Listen() basically is supposed to only return if it cannot recover from an error condition. If AutoReconnect is enabled, Listen() will not return as the library will try to re-vive the connection. If all reconnect attempts failed, it will return.

Even more important is that any exception that Listen() will see is likely to be an exception of the event handlers registered by the user of the library.

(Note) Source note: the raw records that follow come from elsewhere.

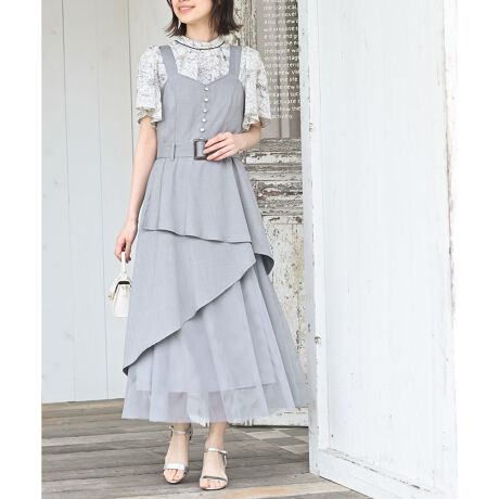 アシンメトリーなティアードデザインで華やかな印象を与えるジャンスカワンピ。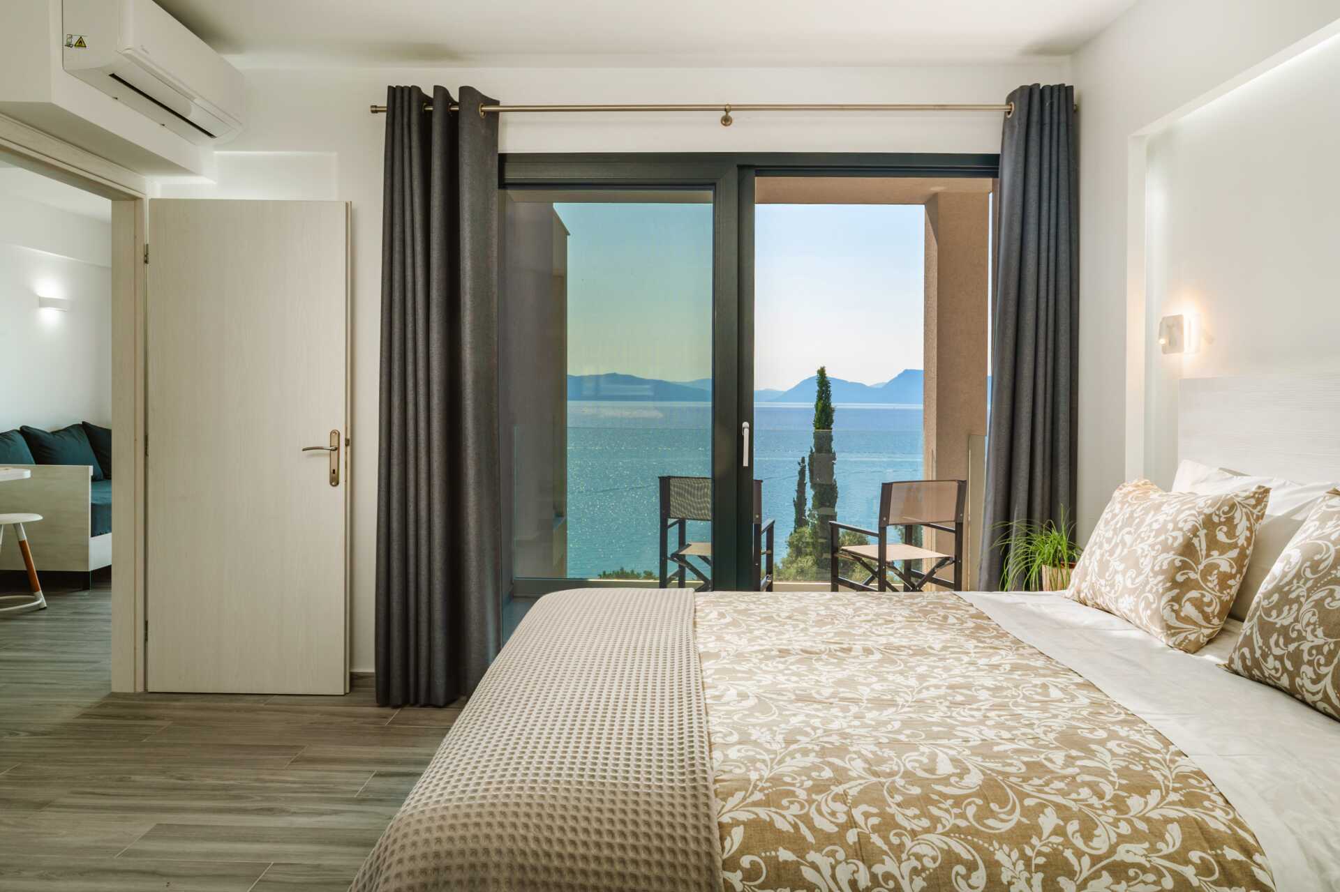Yksiö Parvekkeen tai Maaterassin kanssa, molemmista merinäköala. Yhdistetty makuuhuone ja minikeittiö. Parivuode. Lisävuodemahdollisuus yhden hengen sängystä. Minikeittiössä keittolevyt, uuni, jääkaappi ja yksinkertainen keittiövarustus. Maksuton wifi, ilmastointi ja tallelokero. Tv kansainvälisillä kanavilla. Suihku ja wc. Siivous 6 krt/viikko.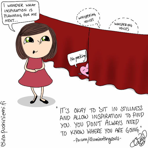 What Is Your Inspiration Planning? by elinap | Sep 8, 2015 | Yleinen “[Mira] ‘Mitähän inspiraatio suunnittelee minulle seuraavaksi..’ [Verhon takana] Kuiskailua [Sydän] ‘Ei kurkita!’ ‘On ookoo istua hiljaisuudessa ja sallia inspiraation löytää sinut. Aina ei tarvitse tietää, mihin on menossa.’ “ Illuminating Souls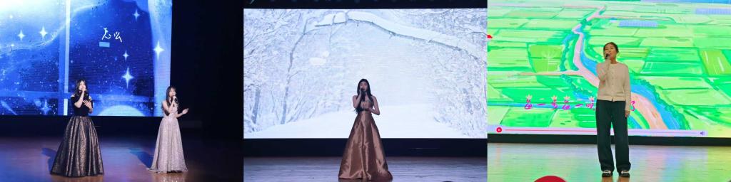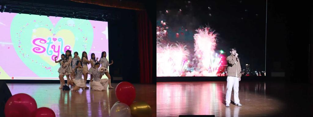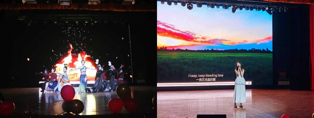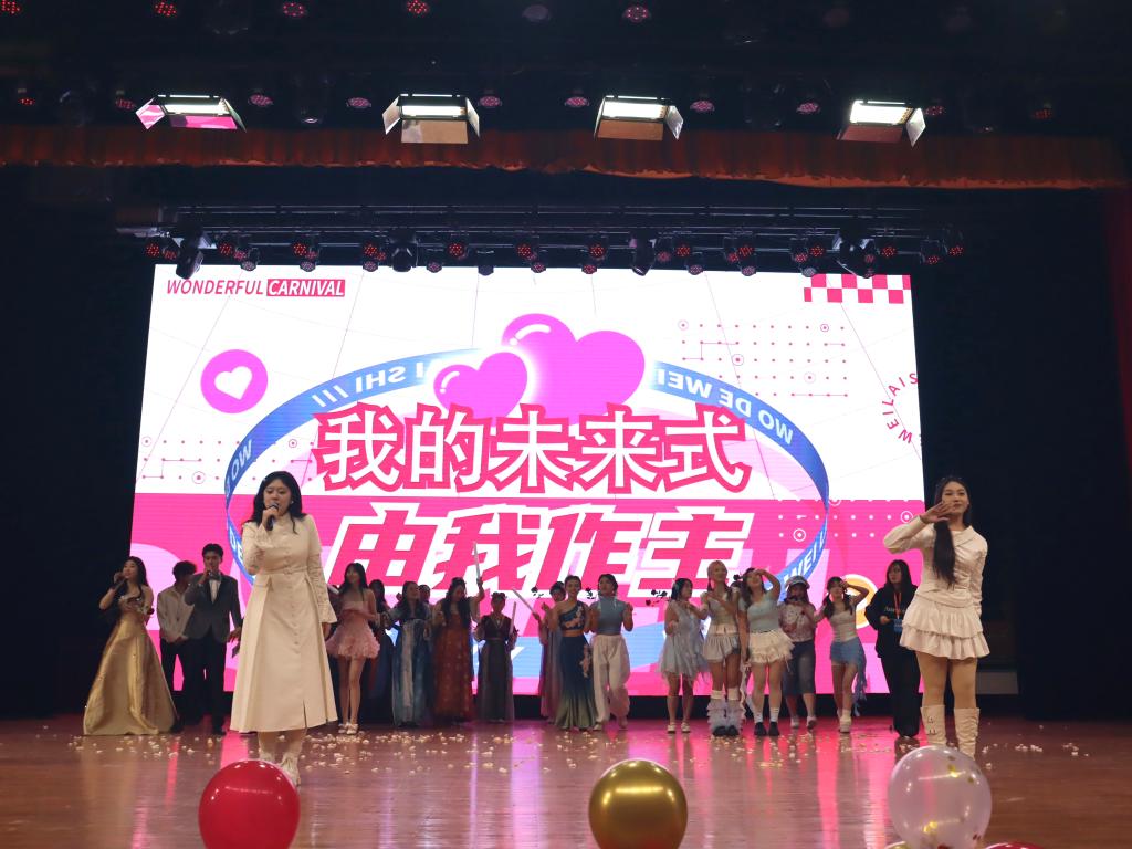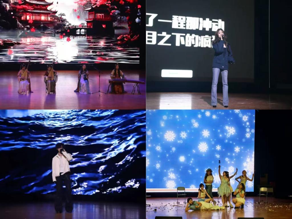 《寄明月》的弦语寄情将古风与韵律完美融合,婉转的歌声勾勒出浪漫意境;《怎么说我不爱你》的摇滚呐喊铿锵有力,释放青春的热烈与张扬;《亚特兰蒂斯之心》的说唱演绎节奏鲜明;国语歌曲串烧温情满满,唤起青春的共同记忆;《Is This Love》的浪漫玫瑰氛围拉满,《我的未来式》则以励志的旋律传递对未来的憧憬,演唱时同学们一同登台,携手唱响对未来的美好期许,将晚会氛围推向顶点。

The reason the user needs to call Listen() is that you can control which thread is raising all the callbacks back into your code. From the log above you can see it is a thread named "12" and later "14".

meebey commented 7 years ago

Here you can see how Smuxi is using the Listen() method: https://github.com/meebey/smuxi/blob/master/src/Engine-IRC/Protocols/Irc/IrcProtocolManager.cs#L2433

swiftyspiffy commented 7 years ago

Thanks for the heads up on this, sorry it's gone kind of quiet. The issue seems to be largely fixed, just trying to fix a slightly unrelated issue. I will go ahead and close this though.

Thanks again for your help!

meebey commented 7 years ago

@swiftyspiffy you are welcome. if you have any issues or questions, don't hesitant to ask.